Sen. David Ige, D-Pearl City, says the state needs to revamp its IT job classifications in order to attract young technologists and improve project efficiency.
With almost 30 years of public service as a state lawmaker under his belt, Hawaii Sen. David Ige, D-Pearl City, has weathered a litany of political issues in the state. Although his time in the Hawaii Legislature draws to a close, Ige’s passion for technology and desire to modernize IT operations are driving his campaign for governor.
In an interview with Government Technology, Ige spoke at length about his disappointment with IT efficiency in state government and why he thinks Hawaii’s online health insurance exchange is having problems.
The following has been edited and condensed for clarity.

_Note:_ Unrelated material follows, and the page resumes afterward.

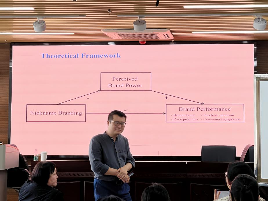 6月6日下午2点,学院“卜凯论坛·学术前沿”在第三实验楼706报告厅举办。此次报告由常向阳教授主持,葛继红教授、刘华教授、杨璐副教授、戴佳彤老师出席本次会议,同时本次活动也是市场营销课程群的示范性基层教学组织系列活动之一。加拿大西安大略大学毅伟商学院的市场营销助理教授张喆博士,作为特邀嘉宾,为我们带来了他在品牌管理和营销传播领域的最新研究成果。张喆博士不仅拥有美国休斯敦大学的市场营销学博士学位,还获得了佛蒙特大学的化学博士学位,他的卓越研究已发表在多本国际知名的学术期刊上,包括《Journal of Marketing》、《Harvard Business Review》、《Journal of International Marketing》和《Journal of the Association for Consumer Research》。

Government Technology: What technology issues were major factors in your decision to run for governor of Hawaii this year?
David Ige: We finally did establish the chief information officer position for state government, but I’ve been disappointed with the implementation of that office, as well as implementation of a lot of technology projects over the last four years. We funded at least $250 million of IT projects for various portions of state government and unfortunately … they’ve taken the money, hired a lot of consultants, but there has been very little change in the structure or organization of state government.
There really needs to be a transformation to embed technology and reorganize government, and I don’t see it happening.
GT: It appeared Hawaii was making good progress on IT modernization by hiring Sonny Bhagowalia in 2011 as the state’s first full-time CIO. So what’s been happening on the inside to sour your opinion?
DI: There were some good strides made. But even when we passed legislation to create the chief information officer position, I knew that there needed to be a restructuring and redefinition of the IT positions in state government. For the most part, the job descriptions, pay levels, sequencing of promotions and other kinds of things for IT professionals in state government are so antiquated and off-scale that I knew … we would not make progress. And none of that [restructuring] has occurred in state government.
If you look at the key [technology] leaders, they’re still on private-sector funds. They’re not state employees. And the governor’s office has had to implement a work-around, rather than really implementing the reorganization and restructuring of the information technology organization for state government.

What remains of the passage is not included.